Hypertonic saline modulates innate immunity in a model of systemic inflammation.

Abstract

We sought to determine if hypertonic saline (HTS) impacted alveolar macrophage (AM) activation and intracellular inflammatory gene signaling in a model of systemic inflammation. Rats received an intravenous administration of 4 mL/kg of 7.5% HTS or L-lactate lactated Ringer's (L-LR). They were simultaneously treated with an intraperitoneal injection of zymosan, which induces noninfectious systemic inflammation. AM were harvested by bronchoalveolar lavage 24 h after treatment.
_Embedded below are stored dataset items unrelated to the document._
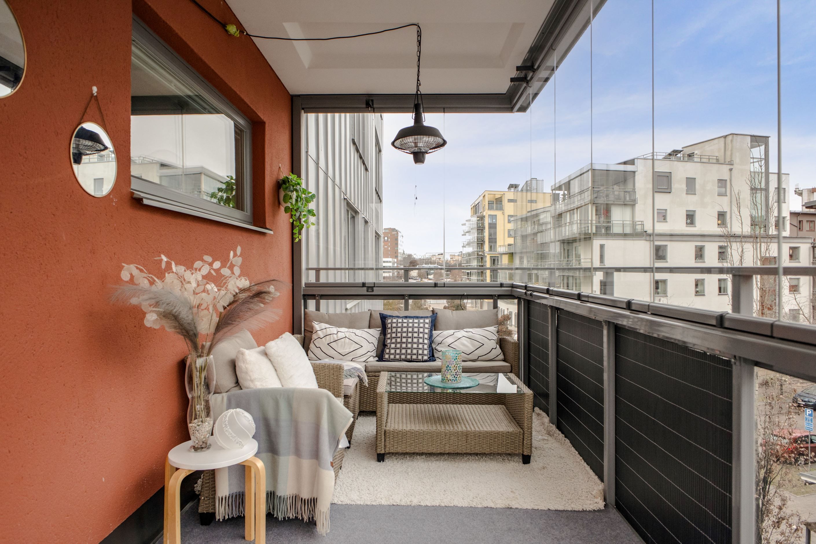 Den stora, inglasade balkongen blir snabbt hemmets favoritplats med utsikt över Mälarens glittrande vatten från två håll. Perfekt för morgonkaffet, mysiga kvällar eller härligt sociala stunder. Balkongen nås enkelt från ett av sovrummen med rofyllt läge mot innergården.
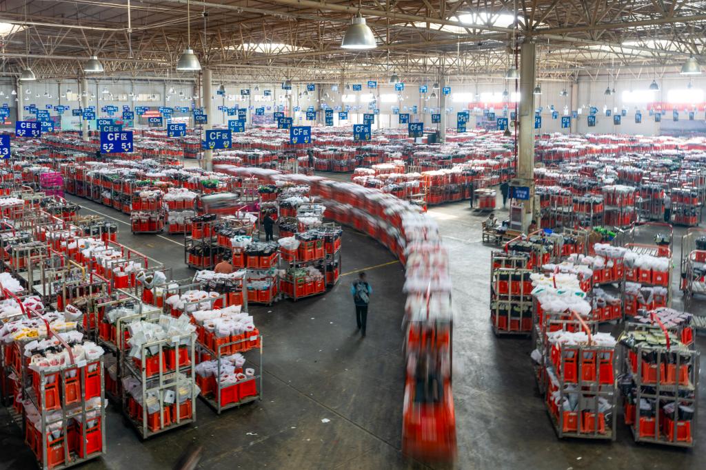 1月22日,臺車在昆明國際花卉拍賣交易中心內(nèi)轉(zhuǎn)運鮮花。新華社記者 陳欣波 攝
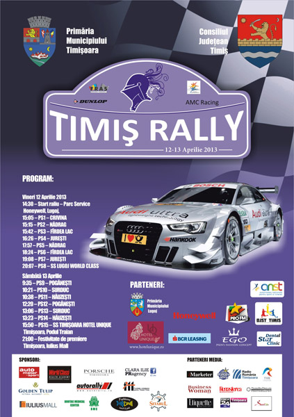 Timiş Rally este a doua bornă dintre cele patru care preced Raliul Sibiului, etapă din calendarul ERC pe 2013, de aceea fiecare dintre aceste repere trebuie să marcheze o creştere a potenţialului fiecărui echipaj ce aspiră la o clasare cât mai bună pe malurile Cibinului. În plus, Mihai Leu, organizatorul acestei etape și al celei de la Arad a declarat că speră să includă în calendarul ERC cel puțin unul dintre aceste raliuri din vestul țării, care s-au bucurat în fiecare sezon de o creștere a numărului de participanți străini dar și a publicului care asistă pe probele speciale. Credit foto: Mihaela și Sorin Pop (RallyZoom.ro)
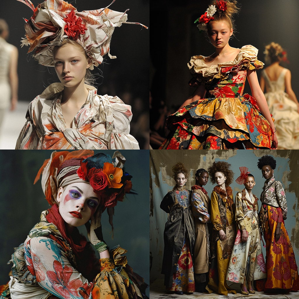 Её работы отличаются яркими цветами, смелыми силуэтами и необычными деталями. Vivienne Westwood не боится экспериментировать с формами и материалами, что делает её коллекции уникальными и запоминающимися.
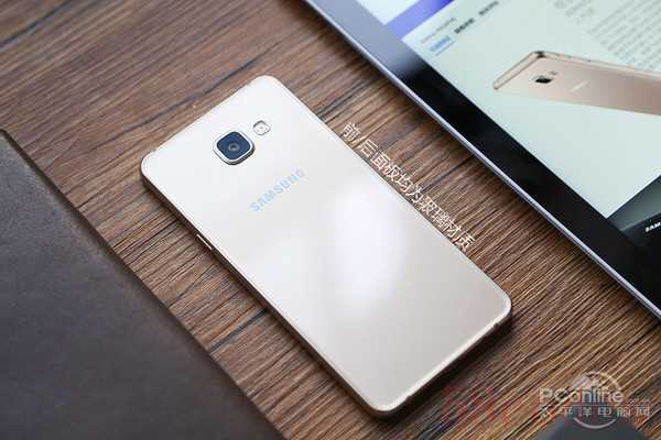 三星Galaxy A5采用与Galaxy S6系列相同的前后双面玻璃设计,机身三围尺寸为:144.8x71x7.3mm,整机较为袖长,而机身侧面材质依然为铝合金,表面经过磨砂工艺处理,看起来十分时尚。机身后壳同样覆盖一块2.5D弧面玻璃,主摄像头居中放置,1300万像素+OIS光学防抖可以满足用户的使用需求。

AM activation was analyzed by measurement of baseline and lipopolysaccharide (LPS)-induced TNF-alpha production. Intracellular signaling was analyzed for activation of the mitogen-activated protein kinases (MAPKs): ERK1/2, JNK, and p38. AM from HTS-treated rats produced less TNF-alpha than from L-LR-treated rats (927 +/- 335 pg/mL [SEM] vs. 3628 +/- 783 pg/mL [SEM], P = 0.001) and were also less responsive to LPS (4444 +/- 86 pg/mL [SEM] vs. 6666 +/- 91 pg/mL [SEM], P = 0.058). However, there was no difference in MAPK activation. In vivo HTS prevents excessive AM activation during systemic inflammation. This suppression is mediated through alternate pathways and does not induce the classic MAPK signaling cascade.